Selection of a running mate by U.S. presidential candidates

Veepstakes is an informal term for the quadrennial process in which candidates for president of the United States select a running mate. If the ticket wins, the running mate becomes the vice president of the United States and first in line to the presidency.

==Etymology==
A blend word of the words "veep" and "sweepstakes", the neologism has been found in print as far back as 1952.

==Selection process==
Once the Republican Party and the Democratic Party choose their presumptive presidential nominees for the election, the candidates themselves choose their running mates. Running mates are heavily vetted before being announced in the weeks prior to the party national convention. The selection of a running mate is given considerable attention because the individual chosen can be seen to broaden the ticket's appeal by complementing and balancing its strengths, ideologically, geographically, and with respect to credentials on either foreign or domestic policy.
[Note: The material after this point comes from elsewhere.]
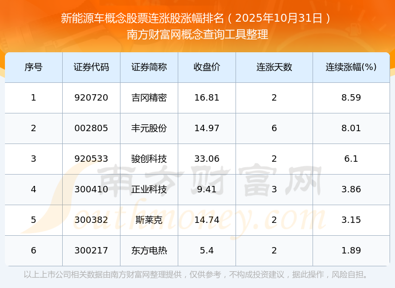 根據(jù)南方財(cái)富網(wǎng)概念查詢工具數(shù)據(jù)統(tǒng)計(jì),截止2025年10月31日收盤,新能源車概念股票共有6只個(gè)股實(shí)現(xiàn)連漲。其中連續(xù)漲幅較大的個(gè)股有吉岡精密、豐元股份、駿創(chuàng)科技等,連續(xù)漲幅分別為8.59%、8.01%、6.10%。

Occasionally, the running mate is chosen from the pool of candidates who also ran in the primary, as was the case in 1960 with John F. Kennedy choosing Lyndon B. Johnson, 1980 with Ronald Reagan choosing George H. W. Bush, 2004 with John Kerry picking John Edwards, 2008 with Barack Obama picking Joe Biden, and in 2020 with Biden picking Kamala Harris.

Some presidential candidates who did not win their party's nomination have prematurely announced running mates, such as Ronald Reagan selecting Richard Schweiker in 1976, and Ted Cruz selecting Carly Fiorina in 2016.

==Historical examples==
In 1960, when Senator John F. Kennedy of Massachusetts won his party's presidential nomination, he chose Senator Lyndon B. Johnson of Texas in an effort to win that state's critical electoral votes and to enhance his appeal in the South.

In 2000, Texas Governor George W. Bush attempted to counter a perception of his inexperience by choosing Dick Cheney, a former White House Chief of Staff, House Representative, Secretary of Defense, and CEO of Halliburton.